A friend recently told me of his experience with one of the banks at the zenith of the banking industry in Nigeria. His company had previously maintained a healthy account with a turnover of over N10billion in one year with this bank. Then the company decided to take a bridging loan of less than N20million to finance some expenses while awaiting payment for a job it had executed for a client. In time, with interest, the loan had grown to almost N25million. Then the bank insisted that the money had to be paid back. All of it at once. All entreaties fell on deaf ears. My friend showed evidence of a forthcoming payment that was several times the amount owed but the bank would have none of that! It would be payment or nothing. And it went ahead to give counsel, “If you cannot raise the money, sell the company!” My friend was flustered. His reminder to the bank about the state of the account over the years fell on deaf ears. Shortly thereafter, the big amount was paid. With one cheque, he liquidated the credit facility and closed the account, moving the funds to another bank. They have been on his neck to return to them but he has bluntly told them that he would not touch them even with a ten-foot pole!
One of the greatest problems of enterprise development in Nigeria is the average budding entrepreneur’s inability to access finance. And when he does, it is usually with choking conditions and cut-throat interest rates that make most small businesses unsustainable. When that happens, the banks simply move in as undertakers to liquidate the business to recoup their money.
I often tell my banker friends to stop calling what they do banking. When they ask me what then to call it, I waste no time in telling them that what banks do in Nigeria is called financial warehousing.
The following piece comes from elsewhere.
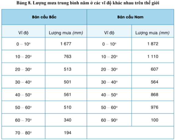Đọc thông tin trong mục “Phân bố mưa theo vĩ độ” và quan sát bảng 8.

A warehouse is a place where goods or grains are stored pending evacuation to the appropriate market or user. The only problem with the banking industry in Nigeria is that the money is collected from the owner and stored in their vaults while they find all kinds of means to literally ‘punish’ the depositors through arm-twisting bank charges. Jumbo profits are declared every year even when little contribution is made by the banks to invest in the real sector of the economy. Nigerian banks operate like islands of prosperity in an ocean of poverty. In developed climes, banks practically beg people to take credit. On a trip to the USA, I went for a transaction in my bank. I was stunned when the officer who attended to me told me that the bank was giving me a credit line of a thousand dollars. I never applied for it. I collected the credit card, started using the credit line and of course, I always pay back before due date. A year later, on another visit, another credit line was offered for three thousand dollars. This was done without prejudice to the already existing line.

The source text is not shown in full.